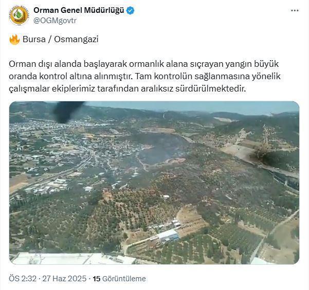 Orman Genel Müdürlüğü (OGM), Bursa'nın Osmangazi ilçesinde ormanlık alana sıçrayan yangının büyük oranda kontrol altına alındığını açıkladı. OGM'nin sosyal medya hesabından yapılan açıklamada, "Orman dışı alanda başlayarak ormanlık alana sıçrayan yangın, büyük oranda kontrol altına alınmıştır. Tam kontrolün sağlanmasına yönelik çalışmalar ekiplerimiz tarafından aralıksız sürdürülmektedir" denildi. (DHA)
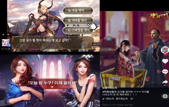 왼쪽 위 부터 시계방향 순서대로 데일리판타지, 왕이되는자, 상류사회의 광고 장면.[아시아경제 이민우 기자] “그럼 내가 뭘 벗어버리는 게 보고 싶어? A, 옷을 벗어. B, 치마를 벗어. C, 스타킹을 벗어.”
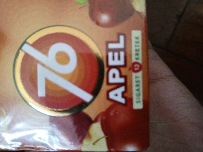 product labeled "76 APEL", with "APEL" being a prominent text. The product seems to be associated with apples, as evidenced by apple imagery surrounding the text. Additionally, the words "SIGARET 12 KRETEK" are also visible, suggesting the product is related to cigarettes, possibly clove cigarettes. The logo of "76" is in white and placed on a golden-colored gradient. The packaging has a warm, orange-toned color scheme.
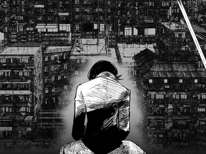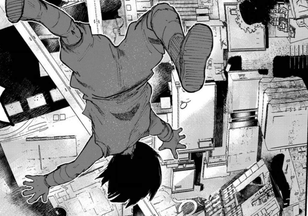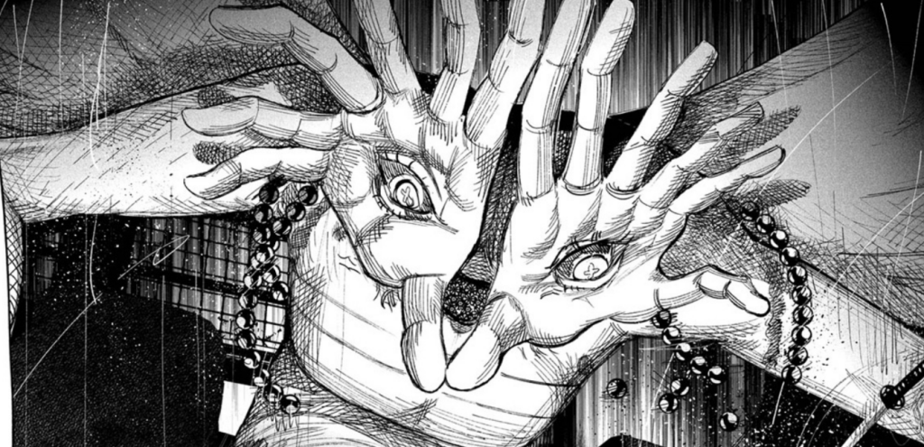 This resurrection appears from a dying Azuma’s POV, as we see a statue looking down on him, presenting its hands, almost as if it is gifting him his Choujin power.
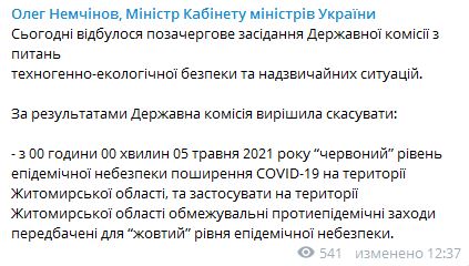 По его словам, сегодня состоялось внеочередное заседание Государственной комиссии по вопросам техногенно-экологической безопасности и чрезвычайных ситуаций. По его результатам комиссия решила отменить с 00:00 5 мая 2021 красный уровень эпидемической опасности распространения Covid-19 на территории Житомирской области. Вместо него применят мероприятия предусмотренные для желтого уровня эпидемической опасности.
-*-*-
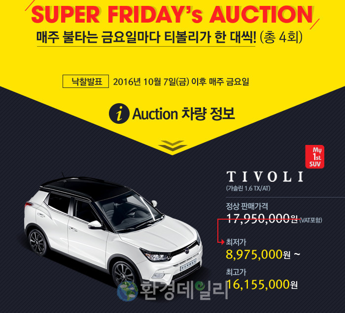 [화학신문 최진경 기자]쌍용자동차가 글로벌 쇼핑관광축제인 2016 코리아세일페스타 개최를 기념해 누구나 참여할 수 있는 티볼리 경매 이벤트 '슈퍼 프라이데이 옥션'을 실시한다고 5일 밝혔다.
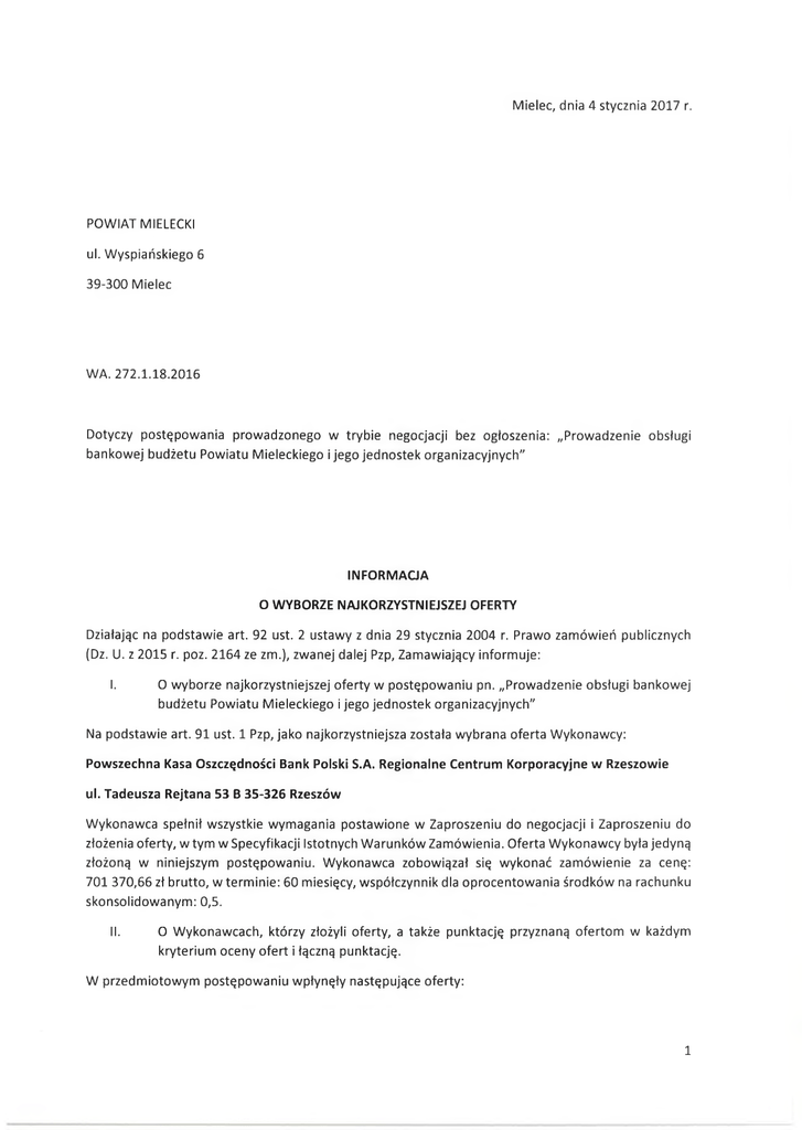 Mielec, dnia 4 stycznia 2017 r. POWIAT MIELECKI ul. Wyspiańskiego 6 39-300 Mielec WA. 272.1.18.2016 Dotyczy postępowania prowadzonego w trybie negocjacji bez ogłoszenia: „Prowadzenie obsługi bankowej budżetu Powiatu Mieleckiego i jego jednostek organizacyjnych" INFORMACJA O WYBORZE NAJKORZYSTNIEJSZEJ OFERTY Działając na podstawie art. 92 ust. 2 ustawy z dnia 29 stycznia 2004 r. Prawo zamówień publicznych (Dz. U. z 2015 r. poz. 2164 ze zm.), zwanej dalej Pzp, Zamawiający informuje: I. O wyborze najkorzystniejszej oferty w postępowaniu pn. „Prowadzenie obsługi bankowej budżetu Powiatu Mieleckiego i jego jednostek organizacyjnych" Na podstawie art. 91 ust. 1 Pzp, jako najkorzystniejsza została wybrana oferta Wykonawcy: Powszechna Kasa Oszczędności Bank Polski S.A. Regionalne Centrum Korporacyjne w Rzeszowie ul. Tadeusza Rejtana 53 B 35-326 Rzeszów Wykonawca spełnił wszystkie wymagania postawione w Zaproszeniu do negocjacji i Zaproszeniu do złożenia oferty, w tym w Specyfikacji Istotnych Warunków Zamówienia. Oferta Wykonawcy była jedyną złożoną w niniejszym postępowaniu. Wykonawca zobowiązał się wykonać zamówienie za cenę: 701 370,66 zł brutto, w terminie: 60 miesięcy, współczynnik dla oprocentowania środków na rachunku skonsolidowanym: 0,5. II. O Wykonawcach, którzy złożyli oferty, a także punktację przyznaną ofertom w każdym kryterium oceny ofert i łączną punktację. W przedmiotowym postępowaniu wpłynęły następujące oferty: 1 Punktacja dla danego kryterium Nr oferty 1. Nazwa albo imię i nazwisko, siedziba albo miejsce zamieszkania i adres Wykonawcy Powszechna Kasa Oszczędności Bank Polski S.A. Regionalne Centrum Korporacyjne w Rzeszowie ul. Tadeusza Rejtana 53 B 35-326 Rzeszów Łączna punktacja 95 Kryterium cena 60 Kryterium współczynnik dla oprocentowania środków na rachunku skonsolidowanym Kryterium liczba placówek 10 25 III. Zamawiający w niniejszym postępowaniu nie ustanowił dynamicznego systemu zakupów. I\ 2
-*-*-
WHAT THE EXERCISE ASKS ->
Your reply should consist solely of the lines above from the line containing "[화학신문 최진경 기자]쌍용자동차가" up to and including the line containing "Mielec, dnia 4", reproduced exactly, minus the pictures.

RESPONSE AREA ->
 [화학신문 최진경 기자]쌍용자동차가 글로벌 쇼핑관광축제인 2016 코리아세일페스타 개최를 기념해 누구나 참여할 수 있는 티볼리 경매 이벤트 '슈퍼 프라이데이 옥션'을 실시한다고 5일 밝혔다.
 Mielec, dnia 4 stycznia 2017 r. POWIAT MIELECKI ul. Wyspiańskiego 6 39-300 Mielec WA. 272.1.18.2016 Dotyczy postępowania prowadzonego w trybie negocjacji bez ogłoszenia: „Prowadzenie obsługi bankowej budżetu Powiatu Mieleckiego i jego jednostek organizacyjnych" INFORMACJA O WYBORZE NAJKORZYSTNIEJSZEJ OFERTY Działając na podstawie art. 92 ust. 2 ustawy z dnia 29 stycznia 2004 r. Prawo zamówień publicznych (Dz. U. z 2015 r. poz. 2164 ze zm.), zwanej dalej Pzp, Zamawiający informuje: I. O wyborze najkorzystniejszej oferty w postępowaniu pn. „Prowadzenie obsługi bankowej budżetu Powiatu Mieleckiego i jego jednostek organizacyjnych" Na podstawie art. 91 ust. 1 Pzp, jako najkorzystniejsza została wybrana oferta Wykonawcy: Powszechna Kasa Oszczędności Bank Polski S.A. Regionalne Centrum Korporacyjne w Rzeszowie ul. Tadeusza Rejtana 53 B 35-326 Rzeszów Wykonawca spełnił wszystkie wymagania postawione w Zaproszeniu do negocjacji i Zaproszeniu do złożenia oferty, w tym w Specyfikacji Istotnych Warunków Zamówienia. Oferta Wykonawcy była jedyną złożoną w niniejszym postępowaniu. Wykonawca zobowiązał się wykonać zamówienie za cenę: 701 370,66 zł brutto, w terminie: 60 miesięcy, współczynnik dla oprocentowania środków na rachunku skonsolidowanym: 0,5. II. O Wykonawcach, którzy złożyli oferty, a także punktację przyznaną ofertom w każdym kryterium oceny ofert i łączną punktację. W przedmiotowym postępowaniu wpłynęły następujące oferty: 1 Punktacja dla danego kryterium Nr oferty 1. Nazwa albo imię i nazwisko, siedziba albo miejsce zamieszkania i adres Wykonawcy Powszechna Kasa Oszczędności Bank Polski S.A. Regionalne Centrum Korporacyjne w Rzeszowie ul. Tadeusza Rejtana 53 B 35-326 Rzeszów Łączna punktacja 95 Kryterium cena 60 Kryterium współczynnik dla oprocentowania środków na rachunku skonsolidowanym Kryterium liczba placówek 10 25 III. Zamawiający w niniejszym postępowaniu nie ustanowił dynamicznego systemu zakupów. I\ 2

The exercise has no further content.